■ What the exercise asks:
Repeat the listing word for word, but skip any pictures.

■ Dataset section:
+++++
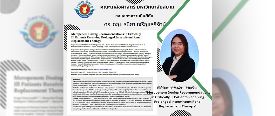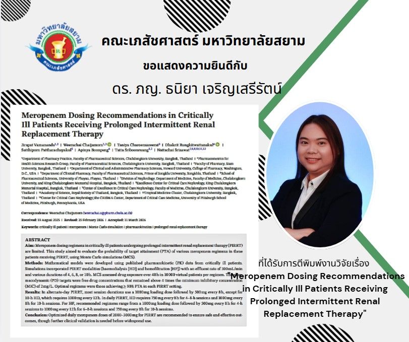 คณะเภสัชศาสตร์ ขอแสดงความยินดีกับ และ อ. ดร. ภญ. ธนิยา เจริญเสรีรัตน์ (co-author) และคณะ ที่ได้รับการตีพิมพ์งานวิจัยในหัวข้อ “Meropenem Dosing Recommendations in Critically Ill Patients Receiving Prolonged Intermittent Renal Replacement Therapy” ในวารสาร Nephrology อยู่ในฐานข้อมูล Scopus Q2
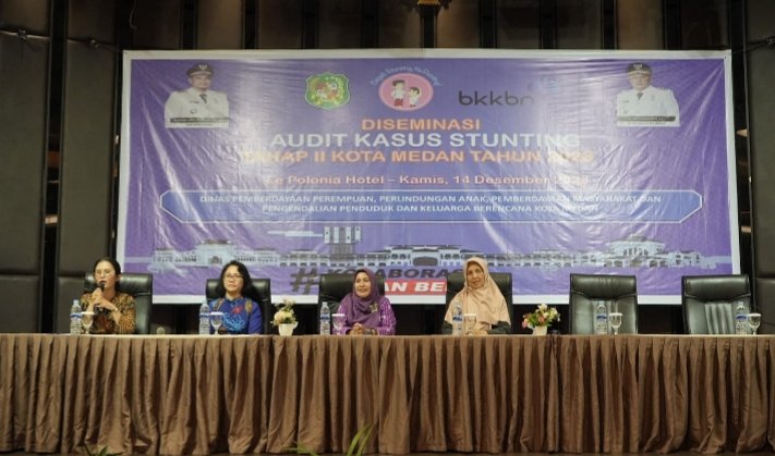 Medan, POL | Pemko Medan melalui Dinas Pemberdayaan Perempuan Perlindungan Anak Pemberdayaan Masyarakat Pengendalian Penduduk dan Keluarga Berencana (P3APMP2KB) menggelar Diseminasi Tahap II Audit Kasus Stunting Tahun 2023, Kamis (14/12/2023) di Hotel Polonia. Kegiatan ini diharapkan menajamkan rekomendasi intervensi spesifik, sensitif, dan pencegahan sehingga penanganan stunting dapat terarah dan efektif.
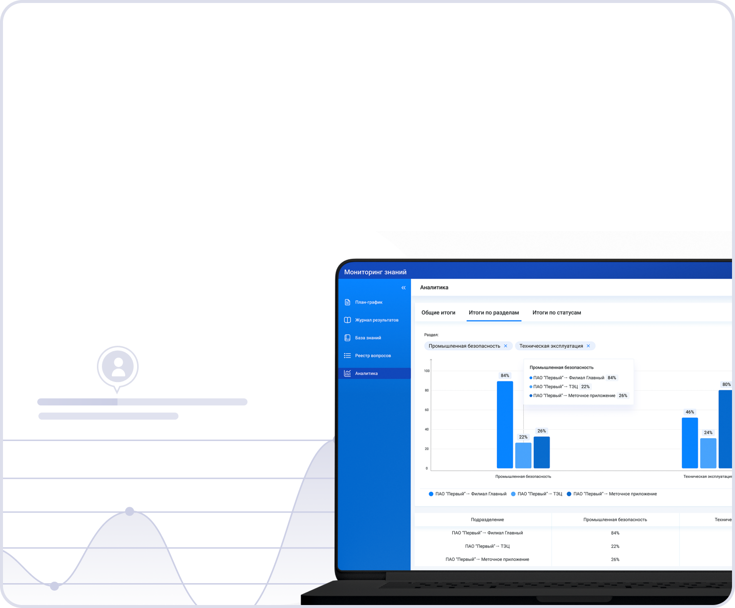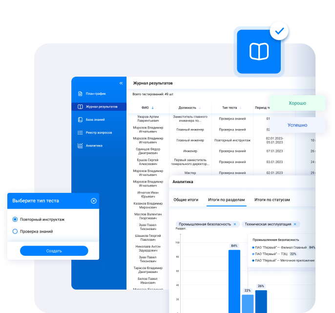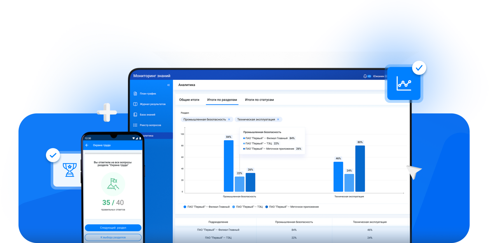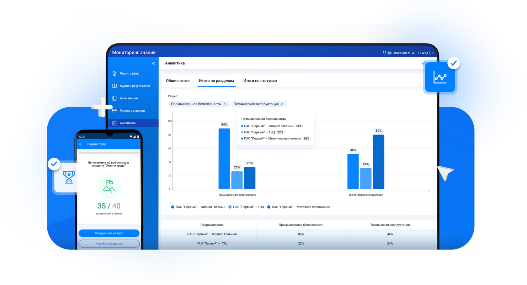 Руководители получают статистику прохождения тестов по темам и используют данные для управления развитием компетенций персонала
+++++
■ Solution to this problem:
 คณะเภสัชศาสตร์ ขอแสดงความยินดีกับ และ อ. ดร. ภญ. ธนิยา เจริญเสรีรัตน์ (co-author) และคณะ ที่ได้รับการตีพิมพ์งานวิจัยในหัวข้อ “Meropenem Dosing Recommendations in Critically Ill Patients Receiving Prolonged Intermittent Renal Replacement Therapy” ในวารสาร Nephrology อยู่ในฐานข้อมูล Scopus Q2
 Medan, POL | Pemko Medan melalui Dinas Pemberdayaan Perempuan Perlindungan Anak Pemberdayaan Masyarakat Pengendalian Penduduk dan Keluarga Berencana (P3APMP2KB) menggelar Diseminasi Tahap II Audit Kasus Stunting Tahun 2023, Kamis (14/12/2023) di Hotel Polonia. Kegiatan ini diharapkan menajamkan rekomendasi intervensi spesifik, sensitif, dan pencegahan sehingga penanganan stunting dapat terarah dan efektif.
 Руководители получают статистику прохождения тестов по темам и используют данные для управления развитием компетенций персонала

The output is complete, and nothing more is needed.